── Recorded information

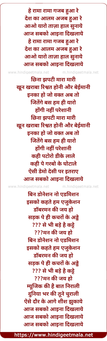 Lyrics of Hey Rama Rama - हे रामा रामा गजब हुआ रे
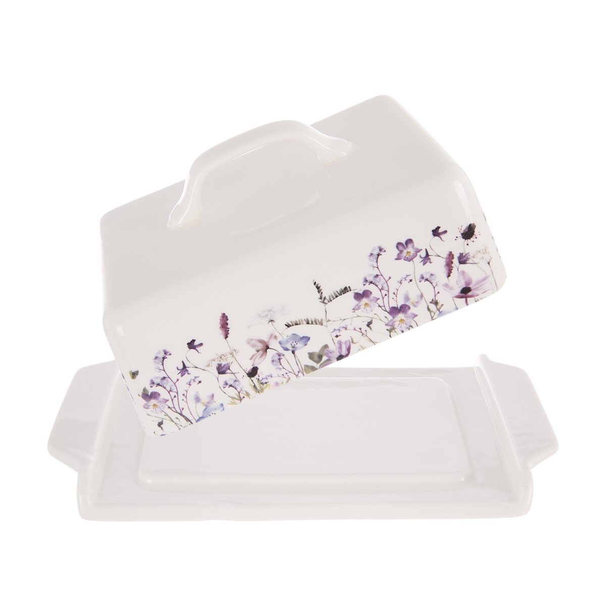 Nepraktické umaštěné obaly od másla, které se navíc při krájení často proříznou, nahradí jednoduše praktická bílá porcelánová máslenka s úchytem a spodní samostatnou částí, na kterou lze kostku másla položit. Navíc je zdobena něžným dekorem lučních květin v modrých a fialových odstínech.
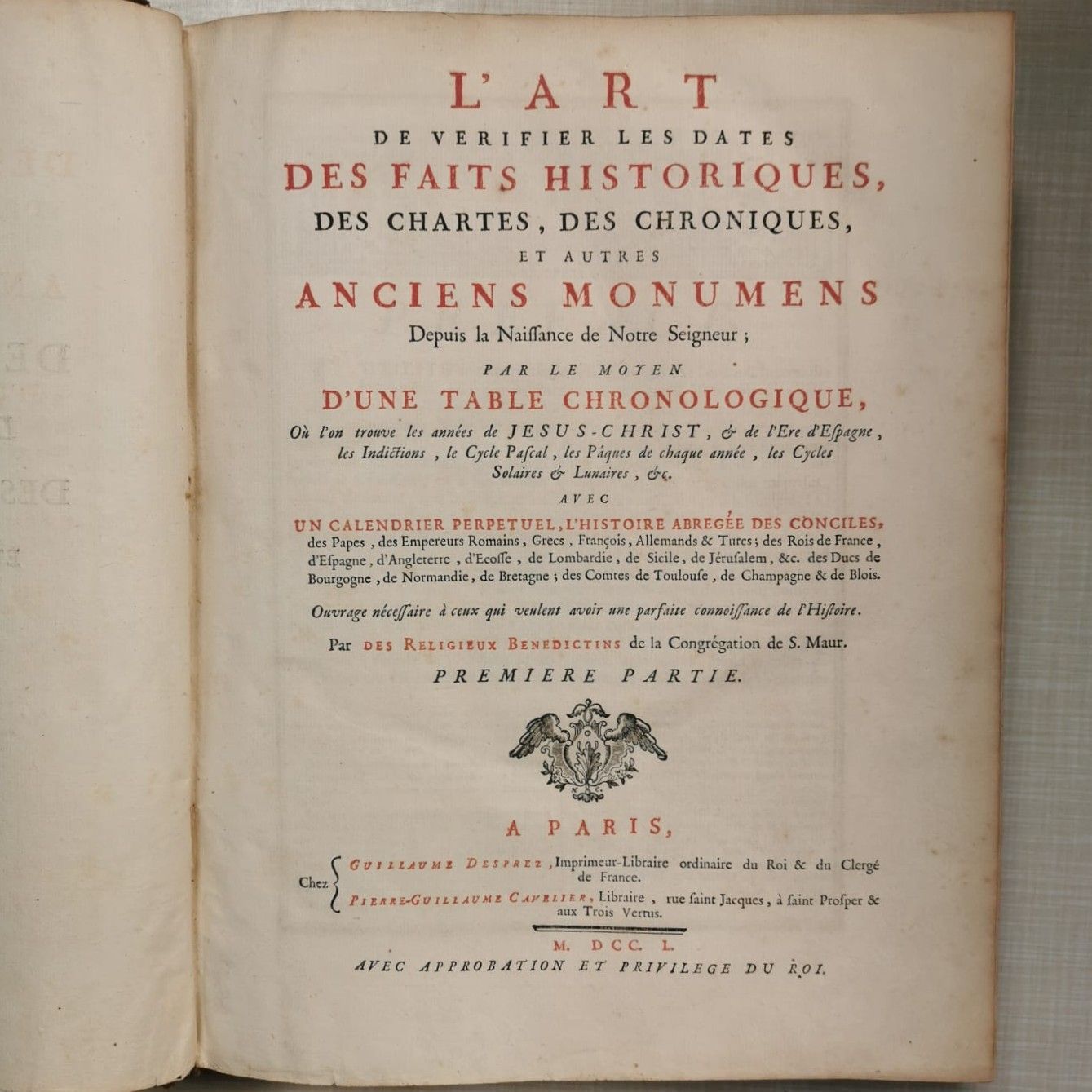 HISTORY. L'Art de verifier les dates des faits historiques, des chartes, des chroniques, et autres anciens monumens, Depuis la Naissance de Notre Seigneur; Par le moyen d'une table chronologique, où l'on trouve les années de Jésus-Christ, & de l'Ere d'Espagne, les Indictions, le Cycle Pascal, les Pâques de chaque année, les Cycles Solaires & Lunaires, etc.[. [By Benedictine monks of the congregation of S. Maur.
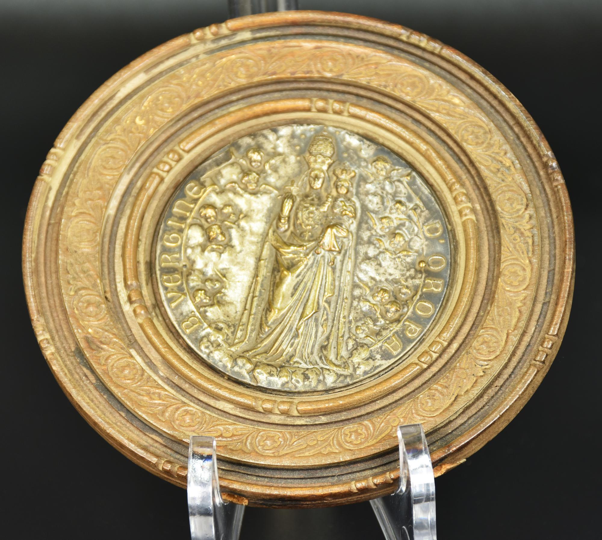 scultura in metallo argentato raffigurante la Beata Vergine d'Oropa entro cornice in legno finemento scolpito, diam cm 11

────

Your goal
Pictures aside, transcribe exactly the lines from the line containing "HISTORY. L'Art de" through the final line of the material above.

Solution for this task
 HISTORY. L'Art de verifier les dates des faits historiques, des chartes, des chroniques, et autres anciens monumens, Depuis la Naissance de Notre Seigneur; Par le moyen d'une table chronologique, où l'on trouve les années de Jésus-Christ, & de l'Ere d'Espagne, les Indictions, le Cycle Pascal, les Pâques de chaque année, les Cycles Solaires & Lunaires, etc.[. [By Benedictine monks of the congregation of S. Maur.
 scultura in metallo argentato raffigurante la Beata Vergine d'Oropa entro cornice in legno finemento scolpito, diam cm 11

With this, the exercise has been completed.